Talk with your child’s healthcare provider if you need more information.
When should I call my child’s healthcare provider?
Call the healthcare provider if your child has:
- Symptoms that don’t get better, or get worse
- New symptoms
Key points about West Nile fever in children
- West Nile fever is an illness caused by a virus. The virus is spread by mosquito bites.
- West Nile fever in people is rare. It often causes mild, flu-like symptoms.
- In rare cases, it can cause life-threatening illness of the brain and lining covering the brain and spinal cord.
- It can occur in late summer and early fall in temperate zones. It can occur year-round in warmer climates. People are most at risk of infection from June to September.

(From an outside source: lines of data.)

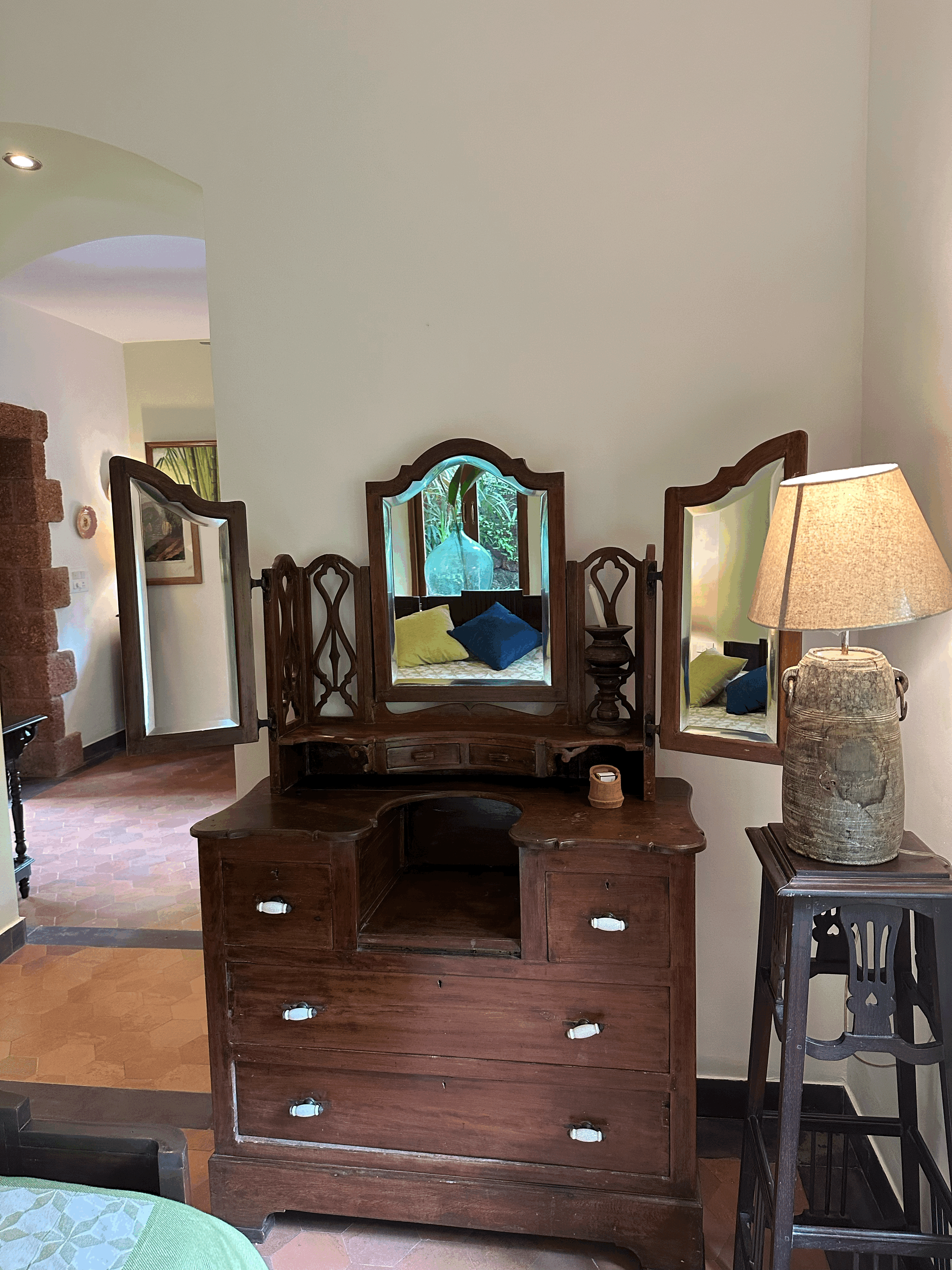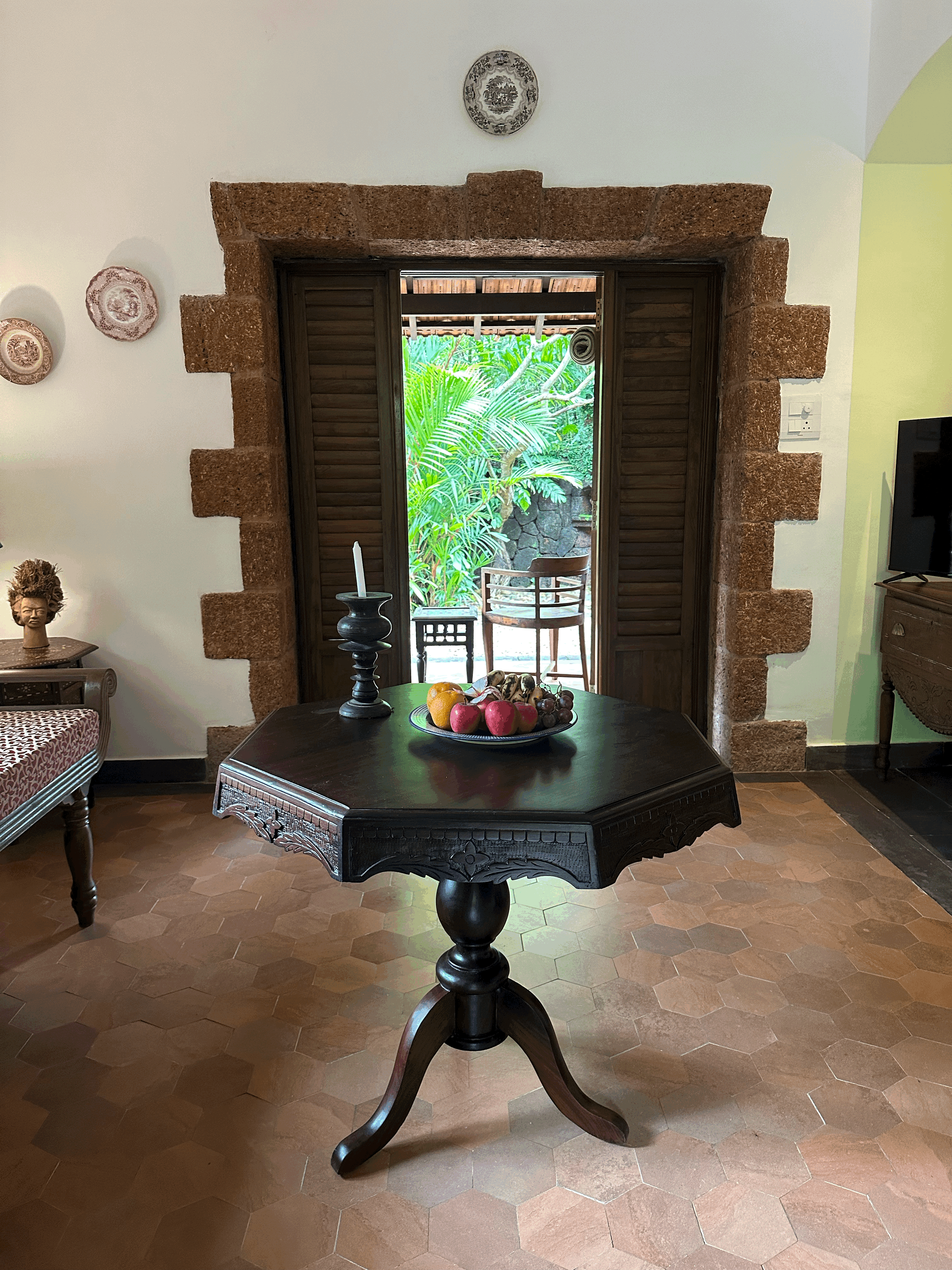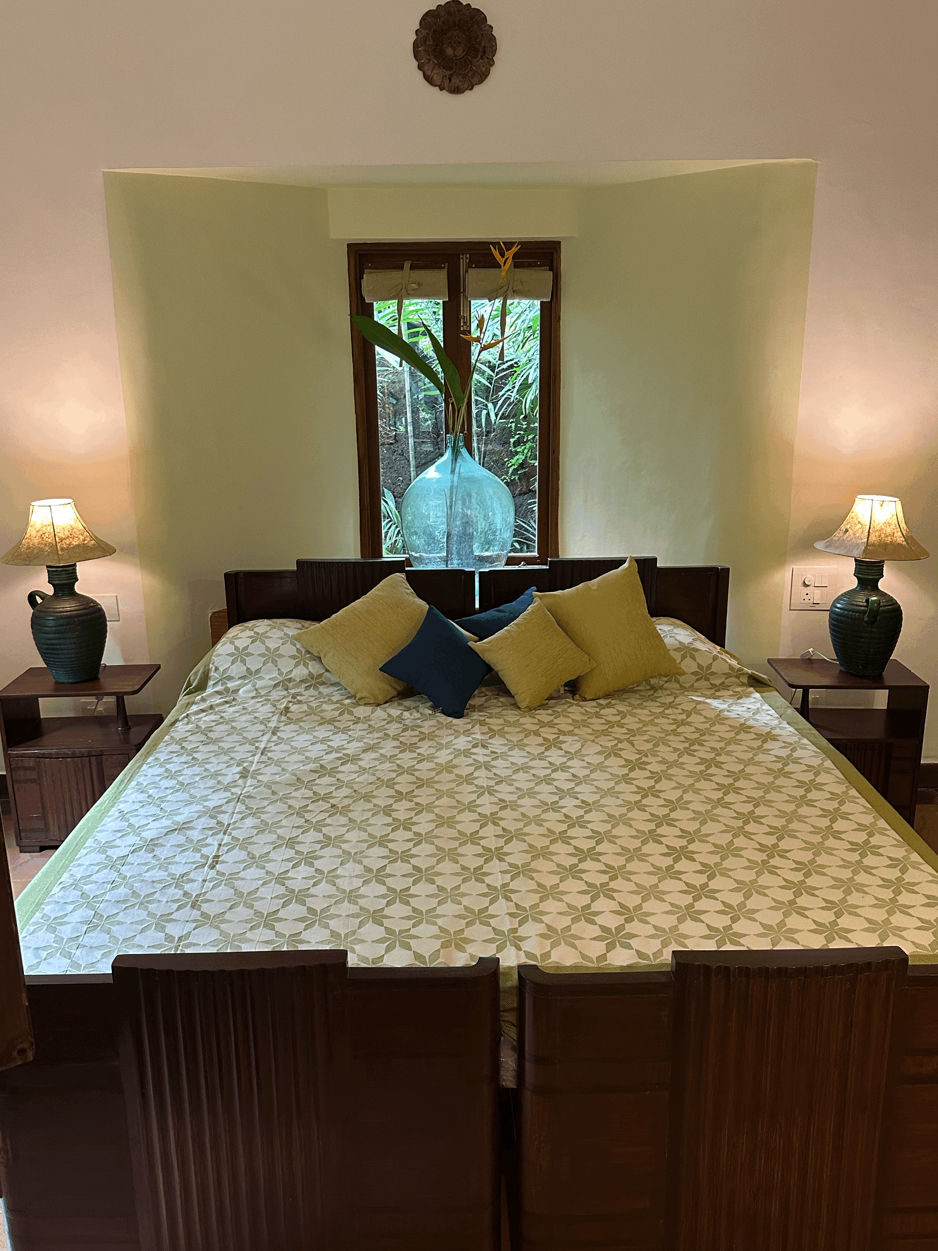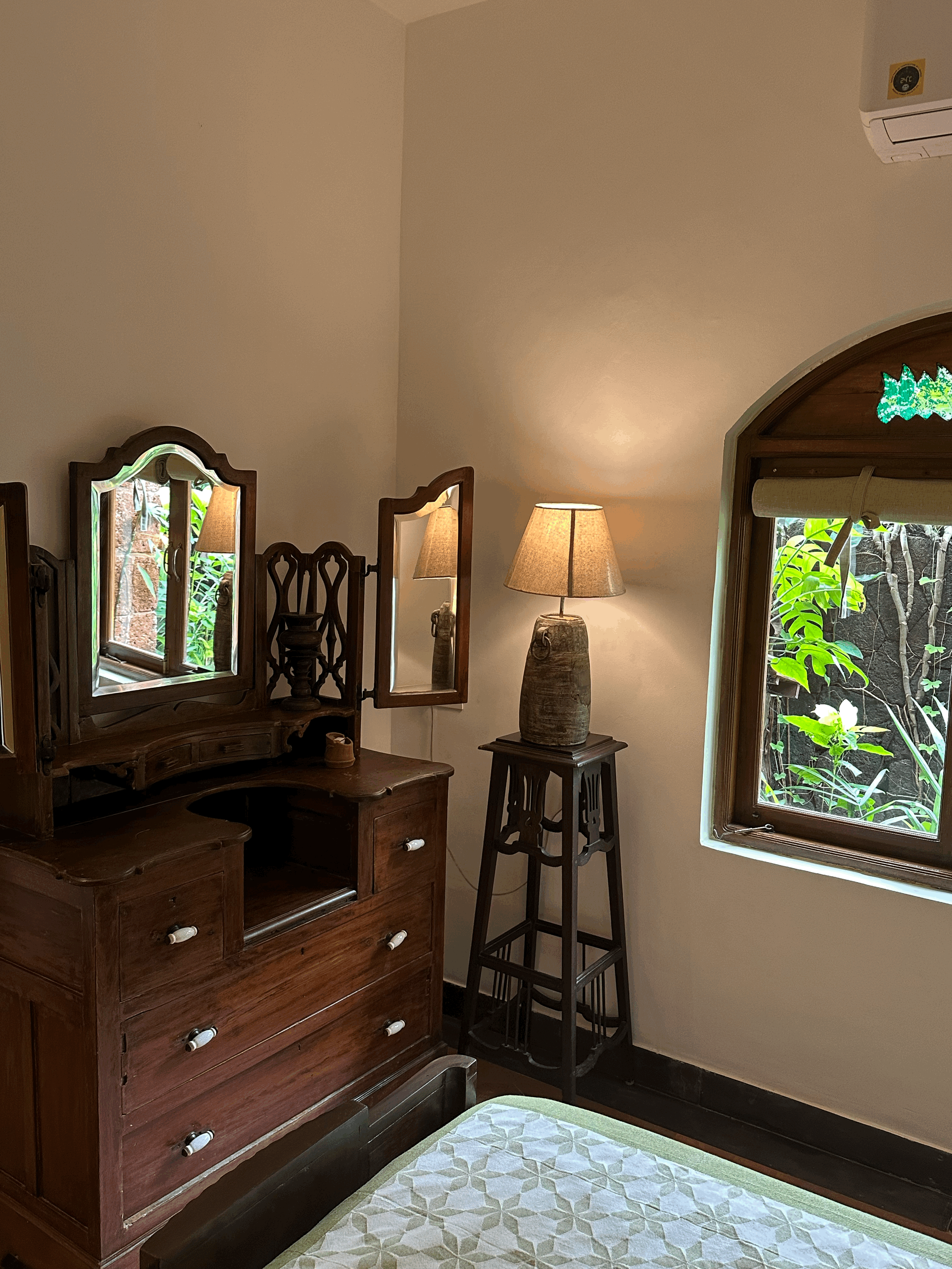 Welcome to the Bamboo Suite – a thoughtfully designed space where heritage and nature come together seamlessly. This suite features hand-carved wooden furniture, including a classic slatted diwan positioned by a large garden-facing window, perfect for lounging or enjoying a quiet read in the soft daylight. The spacious bedroom is anchored by a solid Art Deco king-sized bed, complemented by a vintage dresser and ceramic-lit side tables. Antique details like floral-tiled mirrors and a Goan-Portuguese rosewood wardrobe enrich the suite’s old-world charm and reflect the region’s layered history. Sunlight pours in through graceful arched windows, offering calming views of the surrounding greenery, while warm terracotta flooring adds an earthy, grounded elegance to the space. The suite also features two outdoor balconies, one of which overlooks the tranquil pond, providing perfect spots to relax and soak in the natural beauty. The Bamboo Suite is a tranquil blend of comfort and nostalgia, an ideal retreat for those seeking peace, heritage charm, and a deep connection to nature.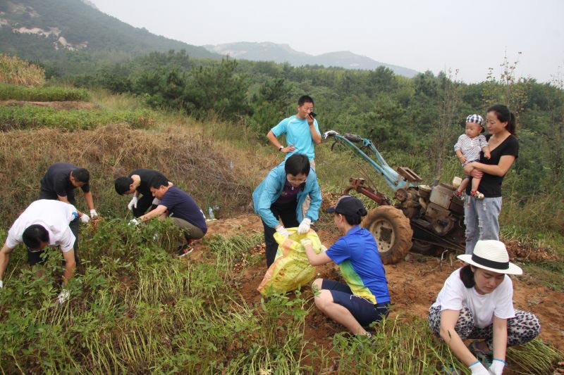 郑燕是碧波大酒店餐饮部主管,近期因为家里父母忙于秋收,两个年幼的孩子无人照顾而发愁。得知这一消息后,2016年中秋节期间,碧波大酒店领导与职工一行15人组成助收小分队,一大早便来到南湖镇郑燕的家,帮助她们秋收花生。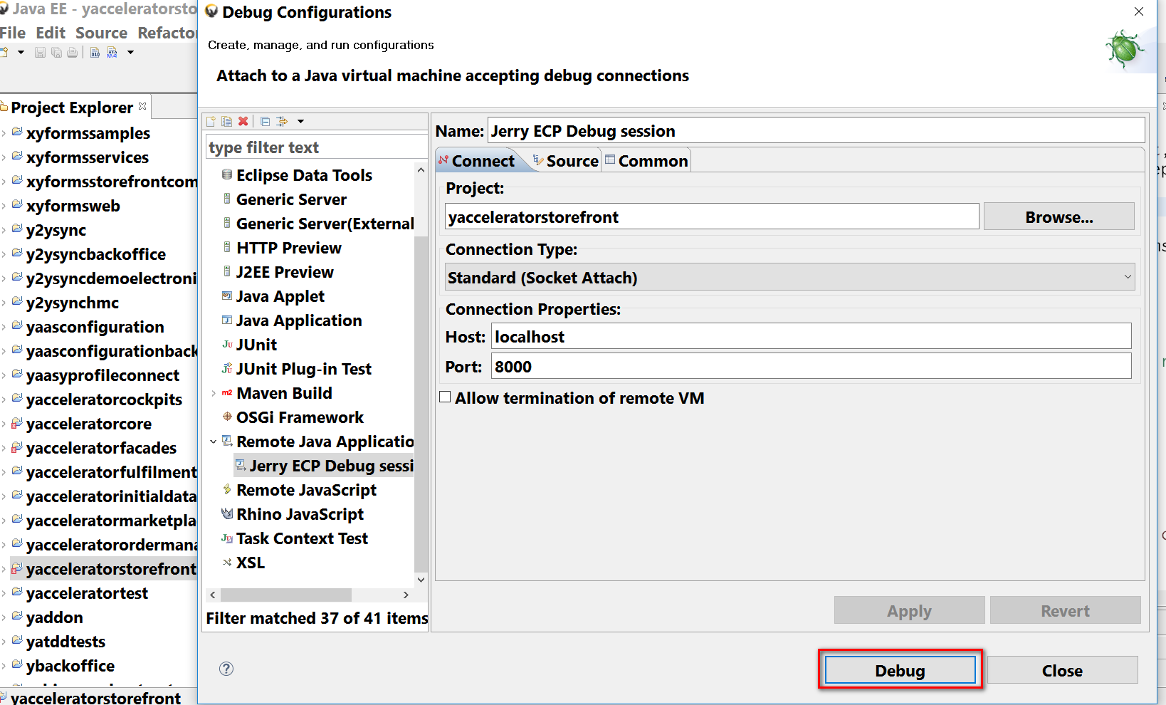 Choose Debug Configuration from context menu. Use Remote Java Application for debug configuration and connect to port 8000.
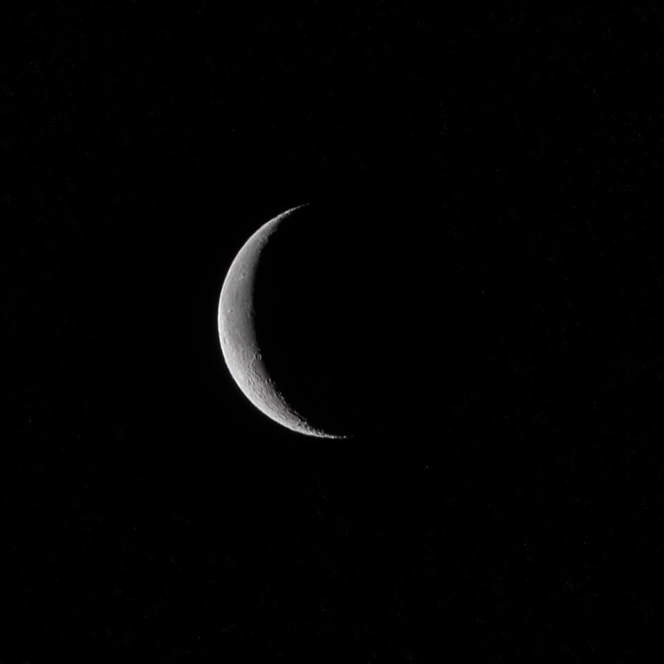Crescent moon over Dillon, Colorado, US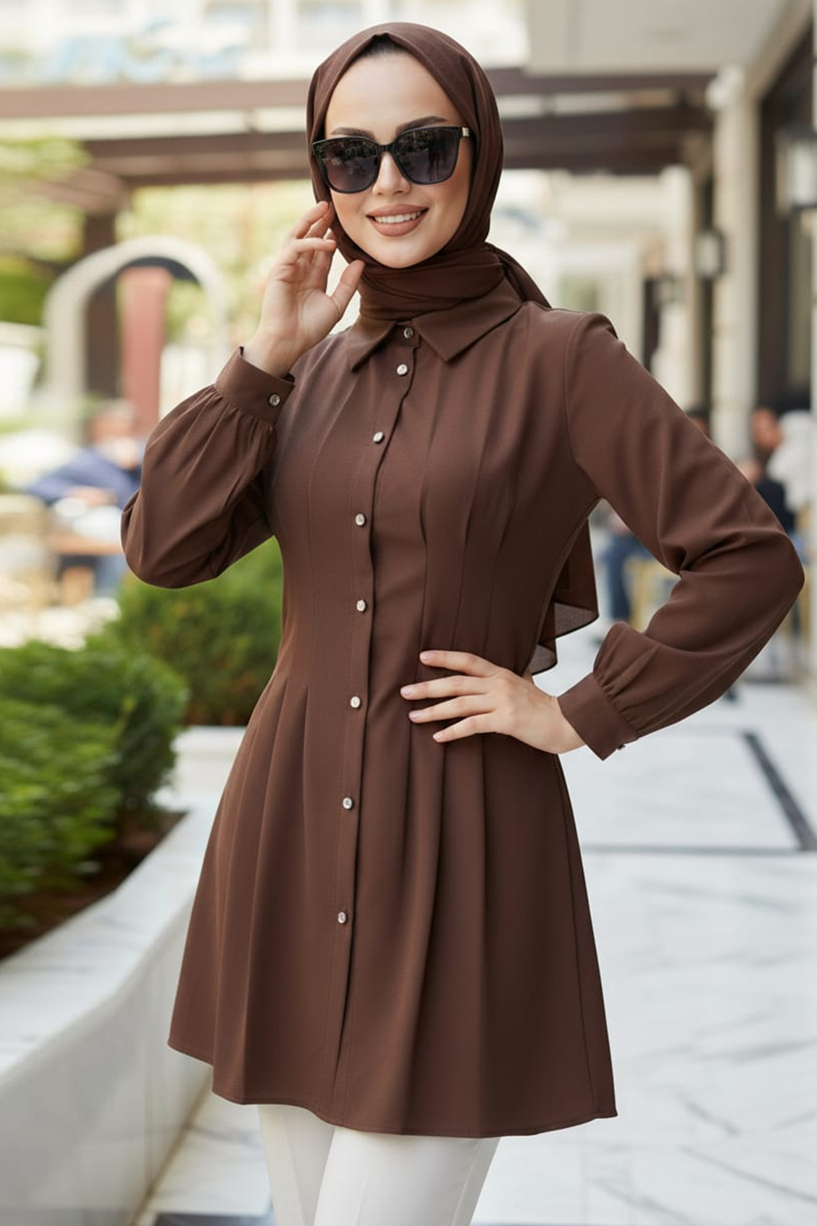 Pens Detaylı Kahverengi Tesettür Tunik 10500KH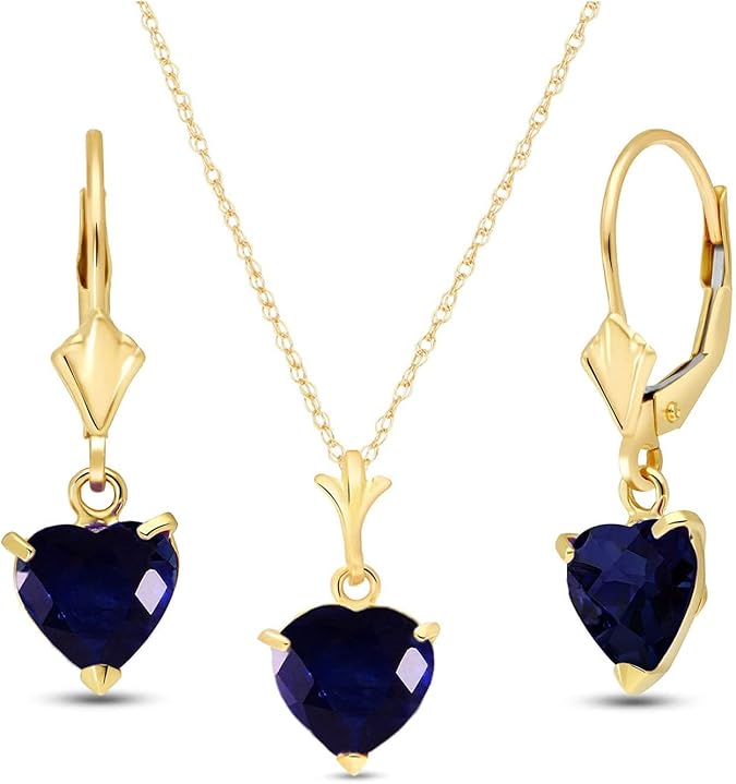 Gold GG 14K Pure White Rose and Yellow Gold Jewelry Set – Necklace and Earrings with Heart-Shaped Na…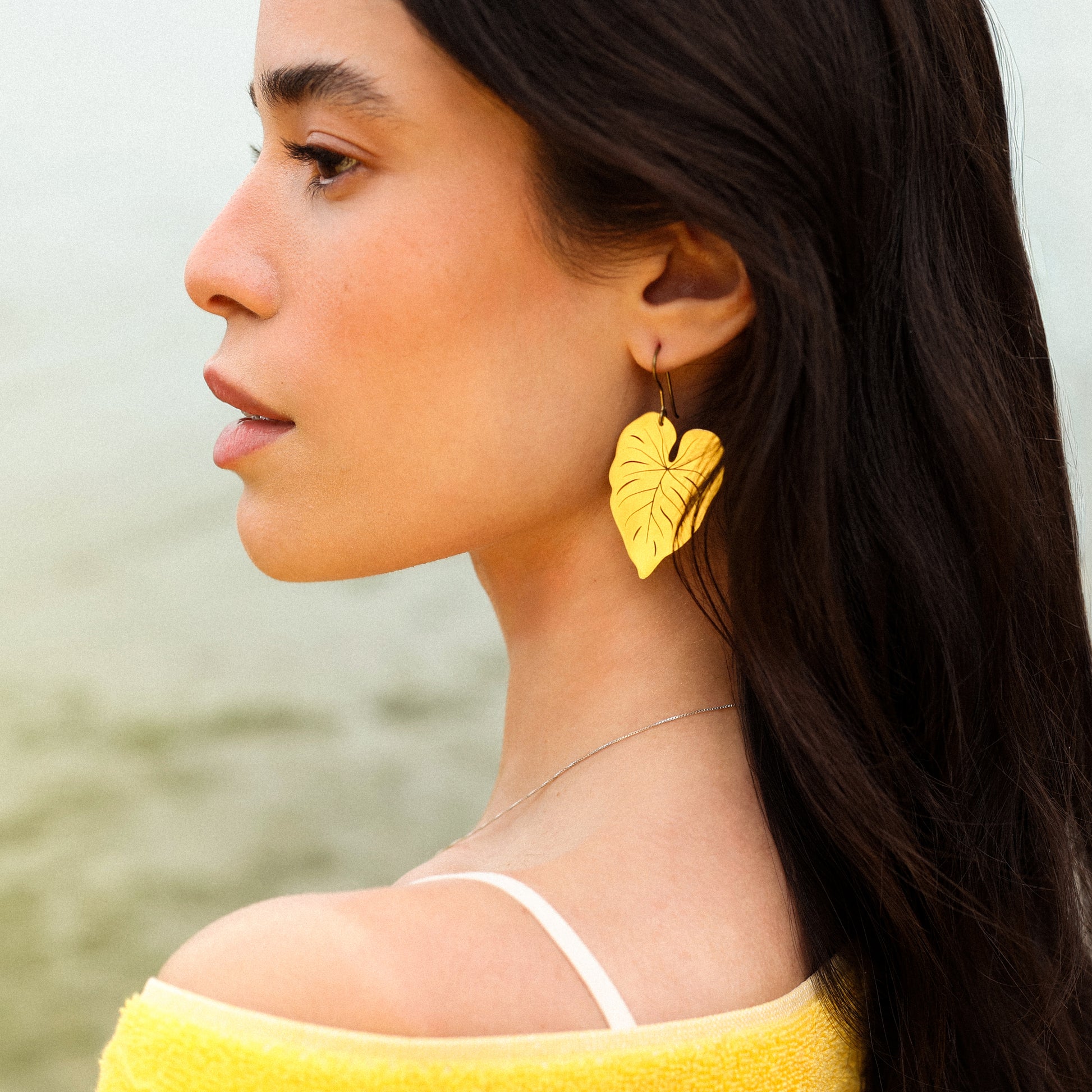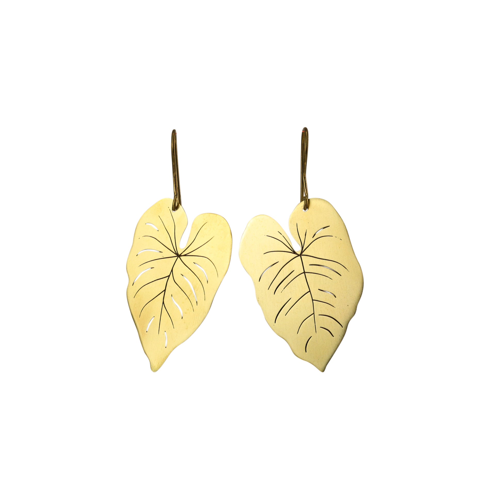 Brinco leve, feito de latão bruto polido no formato da folha antúrio, levemente assimétrico.

- Only about 1 in 5 people who become infected with the virus will develop West Nile fever. Most children with West Nile fever have only mild, flu-like symptoms that last a few days.
- No vaccine is available. But you can help prevent the spread of the virus by protecting against mosquito bites.
Tips to help you get the most from a visit to your child’s healthcare provider:
- Know the reason for the visit and what you want to happen.
- Before your visit, write down questions you want answered.
- At the visit, write down the name of a new diagnosis and any new medicines, treatments, or tests. Also write down any new instructions your provider gives you for your child.
- Know why a new medicine or treatment is prescribed and how it will help your child. Also know what the side effects are.
- Ask if your child’s condition can be treated in other ways.
- Know why a test or procedure is recommended and what the results could mean.
- Know what to expect if your child does not take the medicine or have the test or procedure.
- If your child has a follow-up appointment, write down the date, time, and purpose for that visit.
- Know how you can contact your child’s provider after office hours. This is important if your child becomes ill and you have questions or need advice.